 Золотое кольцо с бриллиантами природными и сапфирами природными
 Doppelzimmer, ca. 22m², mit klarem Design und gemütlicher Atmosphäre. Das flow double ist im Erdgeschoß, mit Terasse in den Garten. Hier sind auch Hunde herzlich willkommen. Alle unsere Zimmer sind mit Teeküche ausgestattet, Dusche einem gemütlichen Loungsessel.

==

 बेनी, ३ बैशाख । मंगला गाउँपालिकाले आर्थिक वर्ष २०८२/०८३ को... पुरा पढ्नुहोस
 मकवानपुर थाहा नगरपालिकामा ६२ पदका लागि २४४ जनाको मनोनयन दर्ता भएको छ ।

---

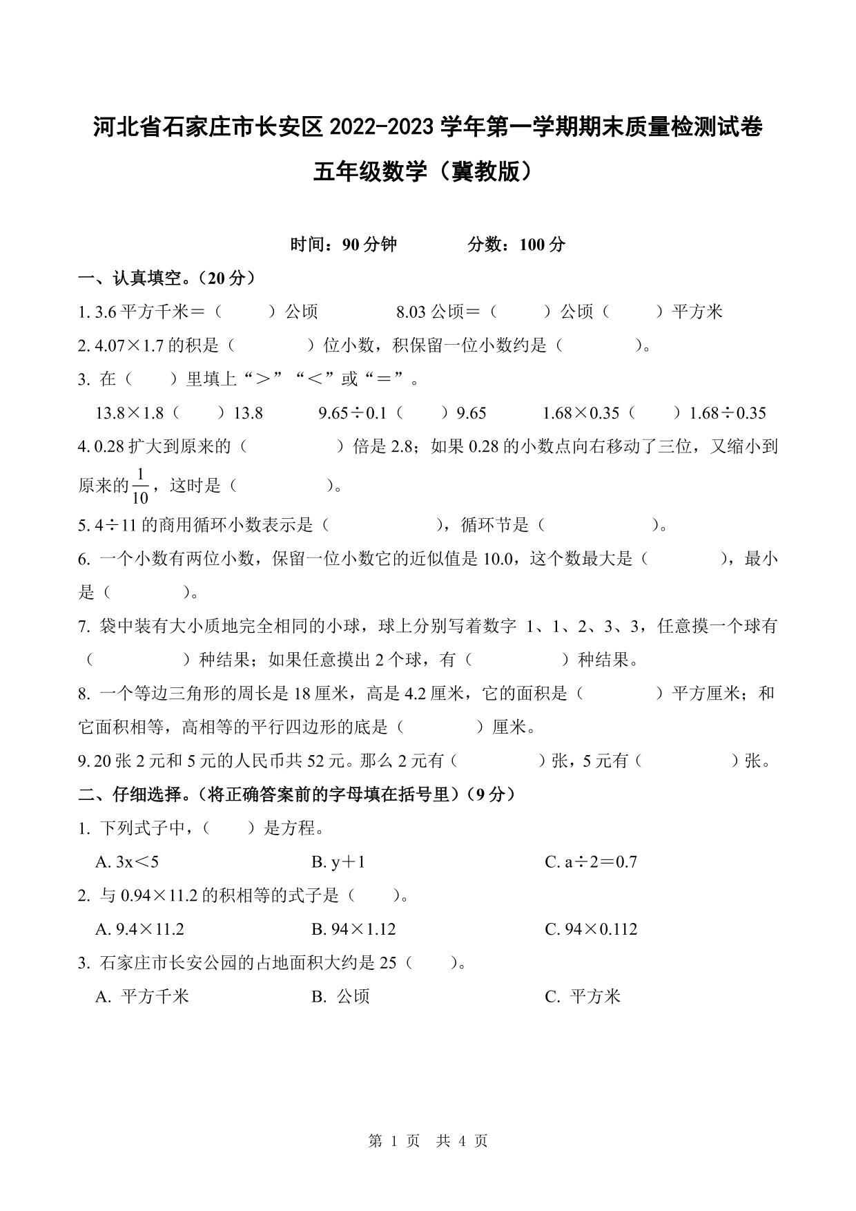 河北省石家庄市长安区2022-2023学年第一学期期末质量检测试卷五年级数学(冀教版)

Task directions:
Look above for the line containing "Золотое кольцо с". Output from there through the line containing "Doppelzimmer, ca. 22m², mit", exactly and inclusively.

Answer to the exercise:
 Золотое кольцо с бриллиантами природными и сапфирами природными
 Doppelzimmer, ca. 22m², mit klarem Design und gemütlicher Atmosphäre. Das flow double ist im Erdgeschoß, mit Terasse in den Garten. Hier sind auch Hunde herzlich willkommen. Alle unsere Zimmer sind mit Teeküche ausgestattet, Dusche einem gemütlichen Loungsessel.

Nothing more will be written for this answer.